Just spent the day running ethernet cables under my floorboards having decided I wanted wired ethernet sockets in each room, and as we are getting rooms re-plastered it was an ideal opportunity.

To protect the cables from mice etc I picked up a 10m length of Adaptaflex 40mm diameter flexi steel conduit from eBay. It normally sells for about £80 but found someone local who accepted an offer of £30 :thumb:










I wanted to pull through some string as a draw cord to help pull further cables through, so I tore off a piece of plastic carrier bag, sellotaped it to some string, and then put the hoover tube at the other end and sucked it through :thumb:

Then I lifted a few floorboards and started to feed the conduit underneath the floor..










Found a nice convenient gap in the brickwork to feed it through and into the front living room...










And out the other side...










Lifted a few more floorboards in the next room to help feed it to the far end...










And brought it out in the corner of the room....










Then back into the first room, lifted a few more boards and fed it to the other end of the room to where my broadband router is located...



















Then using the string that was already inside the conduit I pulled through two lengths of Cat5e cable, along with another length of string to act as another pull through for future cables...



















Think I'll bore a 40mm hole in the floorboards in the corner of each room and pull the conduit up so its flush with the top of the floorboards and hold it in place with a couple of screws. The carpet can sit on top with perhaps a small slit cut into it for the cables to pop out and then run up behind the skirting. Then to get the rooms plastered, painted and new carpets


----------



## Bustanut (Jun 11, 2011)

Strong work there leadfarmer. Well worth doing at the stage your at. I managed to get a couple of cat5 cables from the study to the lounge but wished I had put some conduit in like you have. It would make it so much easier when adding more in with the pull string you added. Keep up the good work.


----------



## Darlofan (Nov 24, 2010)

Looks great that. Good to do at this stage too. We have solid floor downstairs which is a pain for me as we're in process of doing our house up. I've had ceiling down to install sky and phone cables!


----------



## LeadFarmer (Feb 23, 2011)

Surprisingly the string wasn't easy to pull through as the conduit had a few slight bends in it causing friction. I think I'll use one of the ethernet cables as a pull through as I still need to pull through a BT & HDMI cable.


----------



## fozzy (Oct 22, 2009)

Top job going on there matey, more and more people are beginning to realise you can't beat a hardwired connection.


----------



## empsburna (Apr 5, 2006)

Good work. 

Did the whole house when we were renovating. Even ran audio cable for surround sound which is yet to be wired up and is still poking out the corners of the room still to be put into backboxes. Maybe one day I will put it in!

I


----------



## SDB278 (Feb 21, 2016)

Nice work. Excellent plastic bag and Hoover tip for pulling the string through!


----------



## LeadFarmer (Feb 23, 2011)

SDB278 said:


> Nice work. Excellent plastic bag and Hoover tip for pulling the string through!

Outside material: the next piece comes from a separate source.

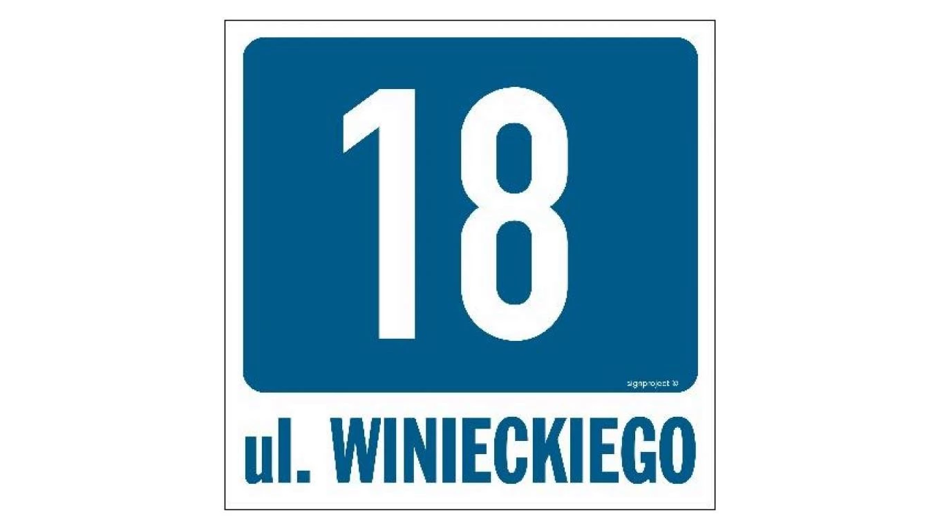 ZNAK - NC112 Znak na zamówienie, Ulica... Nr... 25 x 25 cm FN - Folia samoprzylepna
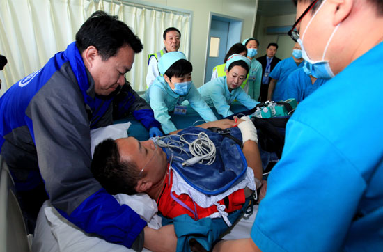王新松被抬出机舱看见这么大阵仗,试图从担架上坐起来,但身体条件不允许。海军总医院在两个小时内迅速完成了CT、超声、心电图、化验等项目。但由于全身水肿,动脉穿刺路径难以建立。

I just tore a tiny piece off a carrier bag, with the hoover hose on the other end of the conduit it worked a treat :thumb:

I fell very lucky with the flexi steel conduit as I found someone selling a 10m roll, made them an offer of £30 which was accepted, and then found out the seller lives 2 mins away from me, so I went round and collected it straight away :thumb:


----------



## eibbor (Sep 8, 2015)

This is pretty cool, this is in the pipeline for me when we move. How many sockets in total will you have?


----------



## LeadFarmer (Feb 23, 2011)

eibbor said:


> This is pretty cool, this is in the pipeline for me when we move. How many sockets in total will you have?


Pipeline 

My main living room has the broadband router, which will have a cable to an 8 port switch that will feed a TV/Sky/PS4 etc. This switch will also supply ethernet cables to a couple of wall mounted sockets, and a cable to the bedroom above.

One of the cables in the flexi pipe will also connect to the router and will run to the 2nd living room which will also have an 8 port switch feeding its TV/Sky/PS3. Again this switch will supply a couple of wall sockets and a cable to the bedroom above.

Both rooms will then be getting re-plastered.


----------